Factors Influencing the Allergenicity and Adjuvanticity of Allergens

Stephan Deifl; Barbara Bohle


Immunotherapy. 2011;3(7):881-893. 

In This Article

Allergen–flagellin Fusion Proteins

The TLR5 ligand flagellin is the main constituent of motility conferring flagella of Gram-positive and negative bacteria.[110] Flagellin has been known as adjuvant for prophylactic and therapeutic immune modulation in various diseases (e.g., virus infection).[111,112] Intranasal coadministration of flagellin with ovalbumin (OVA), a major allergen in chicken white egg, significantly suppressed OVA-induced airway hyper-responsiveness, airway eosinophilic inflammation and OVA-specific Th2-cytokine responses in OVA-sensitized mice.[113] These results indicated that flagellin can also be considered as an adjuvant for SIT. Recently, flagellin A from Listeria monocytogenes was genetically fused to OVA and tested in a murine in vitro system.[114] Compared to flagellin alone, the fusion protein induced a higher expression of maturation markers (CD40, CD69, CD80 and CD86) on myeloid DCs. Moreover, IL-6 and IL-10 production by myeloid DCs was increased when stimulated with fusion proteins in comparison to equimolar mixtures of both proteins. This observation demonstrated again that the fusion protein consisting of an allergen and a TLR ligand showed stronger immunomodulating capacity as the mixture of both components and confirmed that the approach to endow allergens with intrinsic adjuvanticity is a promising concept for the design of vaccines for future SIT. However, up to now, none of the recombinant allergen–modulator fusion proteins have been tested in clinical trials.

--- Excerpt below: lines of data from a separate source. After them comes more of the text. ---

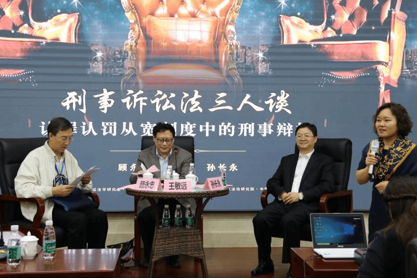 本次讲座以访谈的形式进行。王敏远教授作为访谈的主持人首先提出“现代刑事诉讼为什么要进行刑事辩护”的问题,顾永忠教授与孙长永教授分别进行了阐述,两位教授的内容虽然各有侧重,但是方向一致、精神相同。现代刑事诉讼控辩平等、控审分离、审判中立的构造,以及无罪推定的根本原则,决定了刑事辩护的重要性。刑事辩护可以防止刑罚权滥用,促进实体公正;保护诉讼过程中的基本人权,防止公民受到无根据的非法侵犯;强化政府惩罚的公信力,维护整个司法能够公正高效的运行。随后三位教授就认罪认罚从宽制度中的刑事辩护与普通刑事辩护的关系和特殊性方面展开探讨。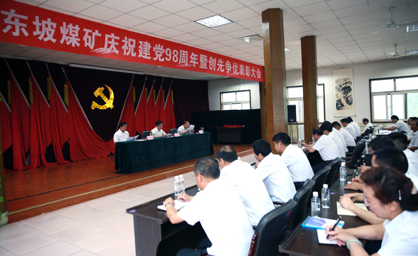 6月27日上午,東坡煤礦召開了慶祝建黨98周年暨創(chuàng)先爭優(yōu)表彰大會,總結(jié)兩年來的黨建工作成績,安排部署下一階段的工作任務(wù),表彰在創(chuàng)先爭優(yōu)活動中涌現(xiàn)出的先進集體和先進個人。該礦黨政領(lǐng)導(dǎo)、受表彰的先進集體、先進個人和全體黨員共計50余人參加會議。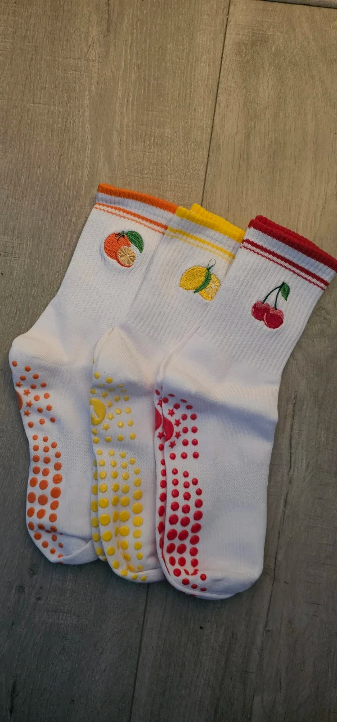 Here are three pairs of white socks, each with a different fruit embroidered on them: orange, lemon, and cherry. They also have little grips on the bottom in matching colours!
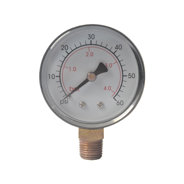 Durable Stainless Steel Pressure Gauge (0-60psi/0-4bar) with Radial Mounting, 50mm Dial for HVAC Systems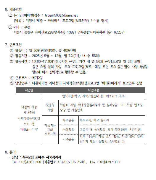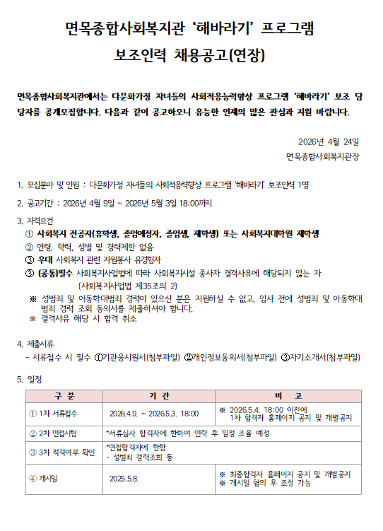 2026년 다문화가족지원사업 '해바라기' 사업 보조인력 채용 공고(연장) > 공지사항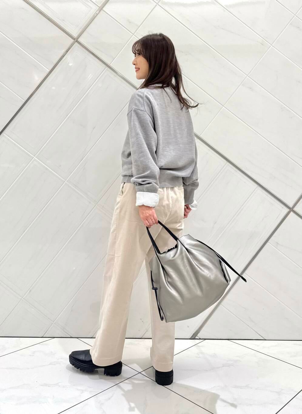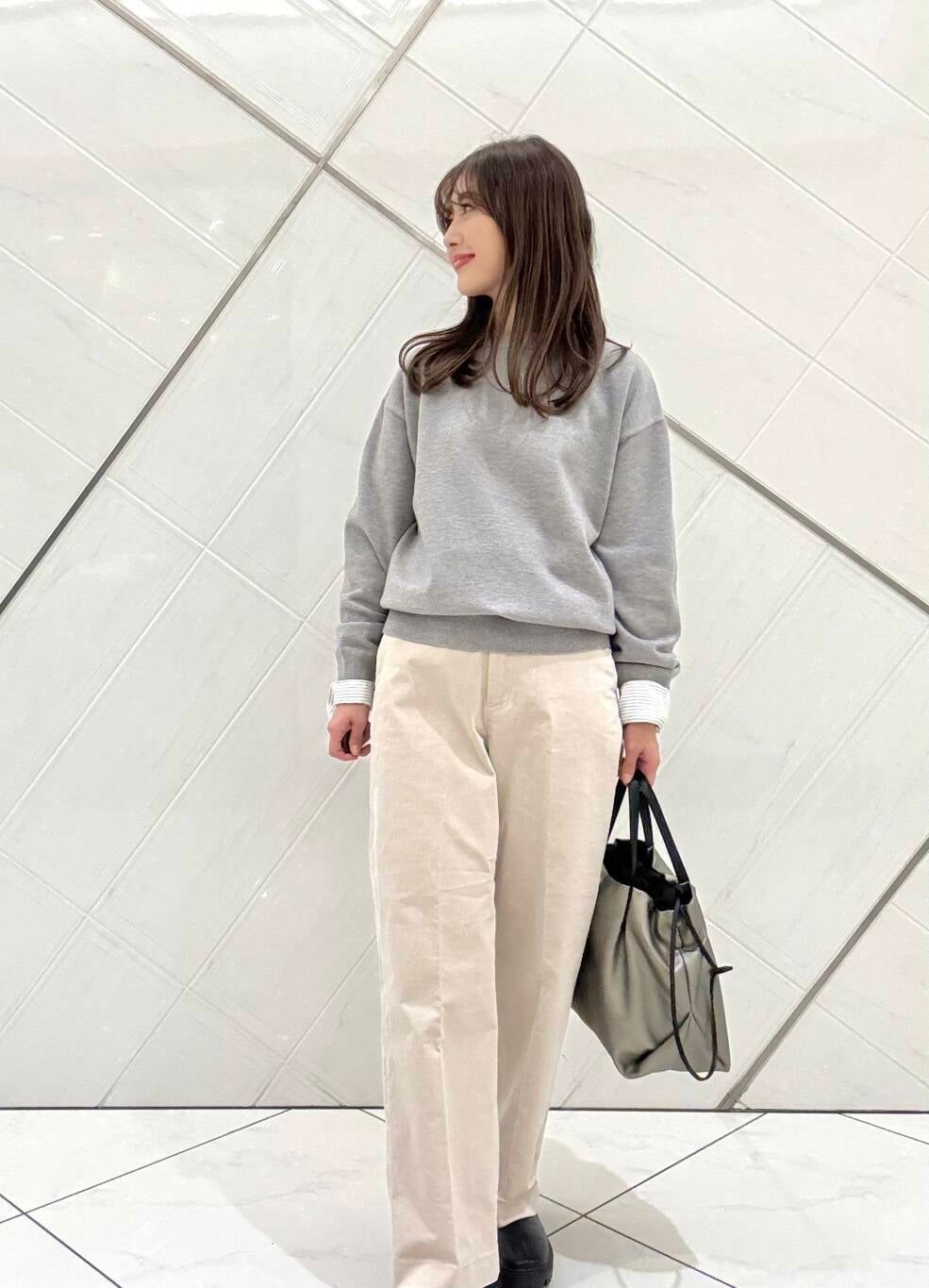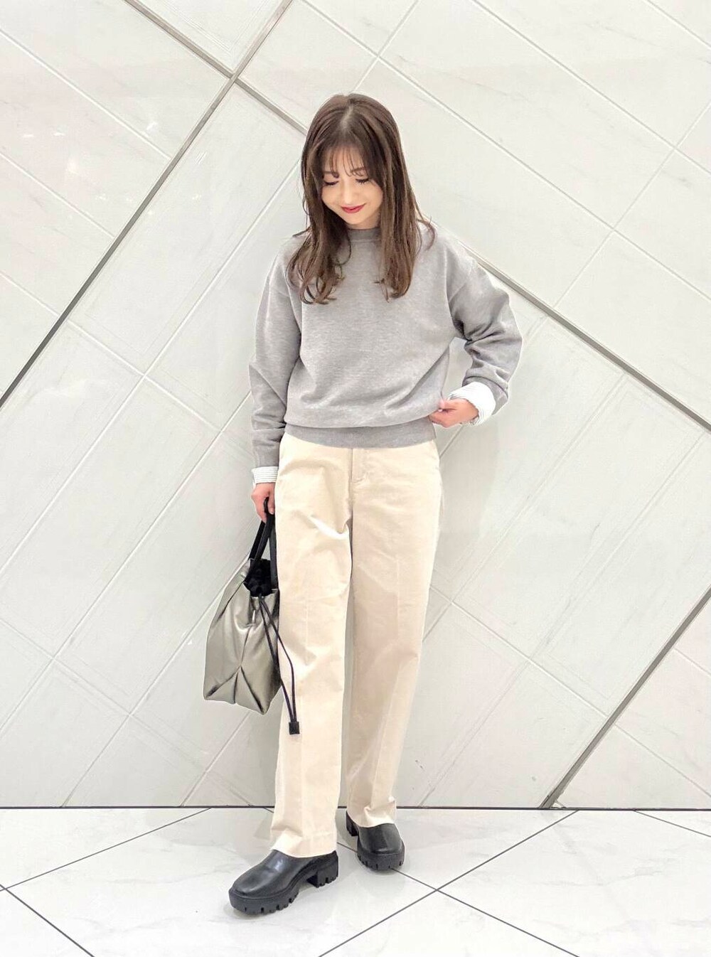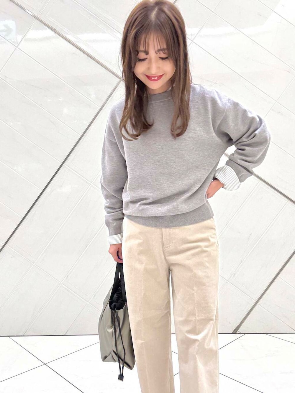 ニットは200日ニットシリーズの新色で明るめのグレーでアクセントにシャツをレイヤードしてみました(^^)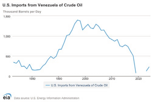 A devastating 13-year production decline sets in, under the last years of Chavez and the presidency of Nicolas Maduro. The reason is, really, “All of the above.” Economic sanctions, underinvestment, infrastructure and equipment failure, mismanagement, corrupt governance, a global oil-price collapse, a worldwide pandemic – all contribute to the decline.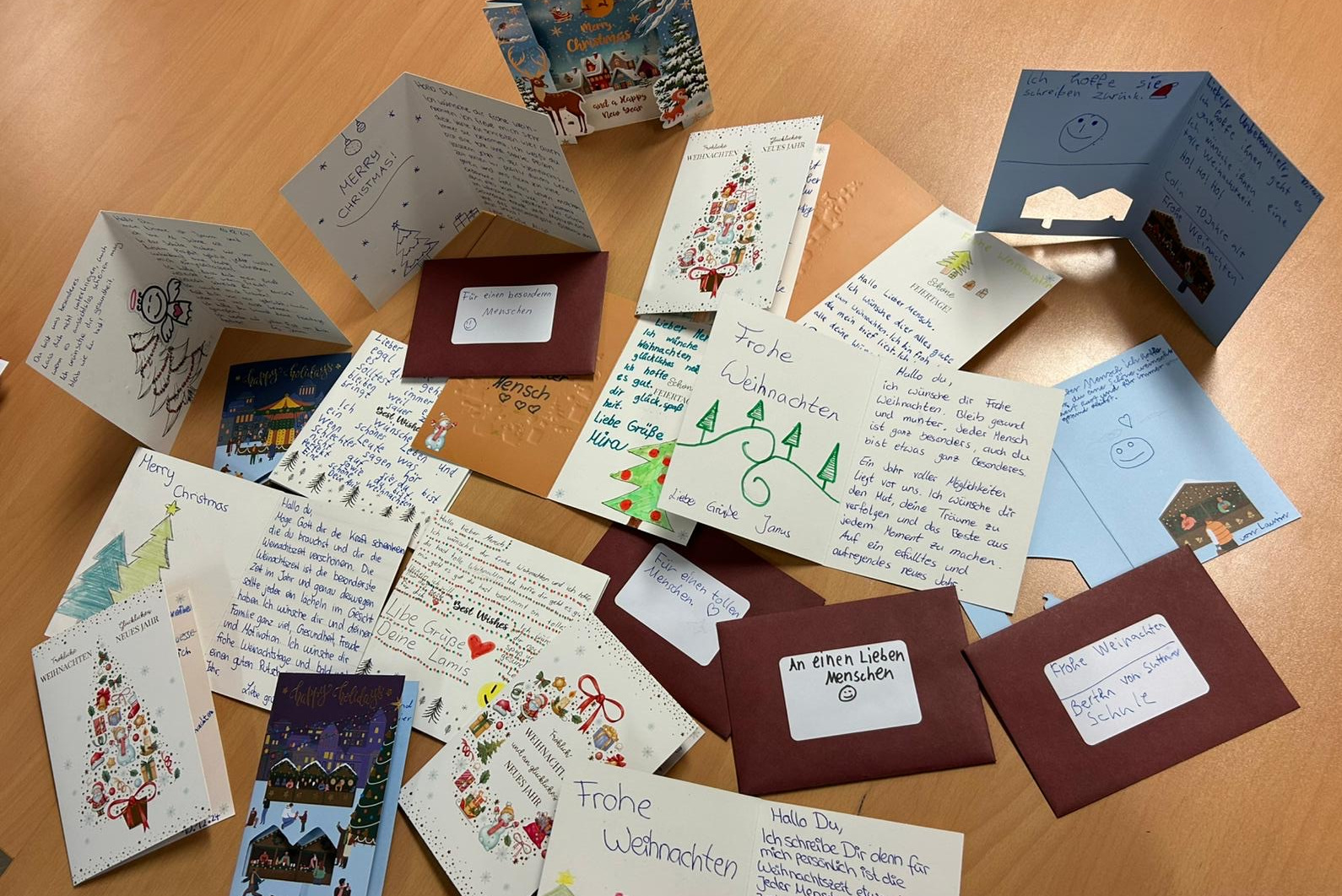 Mit den bewegenden Worten „Ich schenke dir mit diesem Brief ein Lächeln“ begann eine besondere Aktion an der Bertha von Suttner Schule. Schülerinnen und Schüler der Klassen 5c und 5g, 7a und 7b und 10B4 schrieben in der Vorweihnachtszeit liebevoll gestaltete Weihnachtskarten für Menschen mit Behinderungen, die in einer Caritas-Werkstatt arbeiten. Die Idee dahinter: Mit einer persönlichen Nachricht Hoffnung und Freude schenken.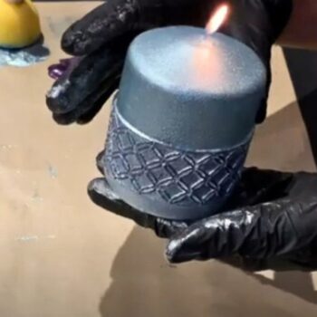 На фото:  пример использования перламутра для окрашивания свечи, цвет-серебро.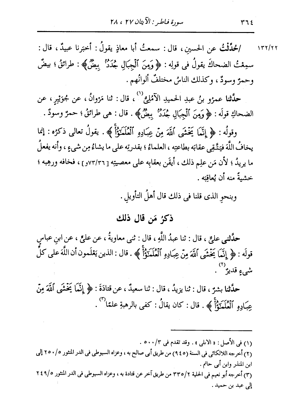 §وَقَوْلُهُ: {إِنَّمَا يَخْشَى اللَّهَ مِنْ عِبَادِهِ الْعُلَمَاءُ} [فاطر: 28] يَقُولُ تَعَالَى ذِكْرُهُ: إِنَّمَا يَخَافُ اللَّهَ فَيَتَّقِي عِقَابَهُ بِطَاعَتِهِ الْعُلَمَاءُ، بِقُدْرَتِهِ عَلَى مَا يَشَاءُ مِنْ شَيْءٍ، وَأَنَّهُ يَفْعَلُ مَا يُرِيدُ، لِأَنَّ مَنْ عَلِمَ ذَلِكَ أَيْقَنَ بِعِقَابِهِ عَلَى مَعْصِيَتِهِ، فَخَافَهُ وَرَهِبَهُ خَشْيَةً مِنْهُ أَنْ يُعَاقِبَهُ وَبِنَحْوِ الَّذِي قُلْنَا فِي ذَلِكَ قَالَ أَهْلُ التَّأْوِيلِ

In addition to ligands recognized by TLR4, TLR5 and TLR9 agonists of TLR7 (e.g., imidazoquinolines or modified adenine) have been suggested as candidate adjuvants in future allergy vaccines.[115,116] These TLR7 agonists effectively redirected Th2 responses in both, in vitro and in vivo studies. However, for all of these still scientific vaccine formulations, the potential induction of adverse Th1-mediated inflammation in humans remains an issue of concern. Thus, clinical trials in humans are needed to evaluate the in vivo efficacy and potential side effects of these future allergy vaccines.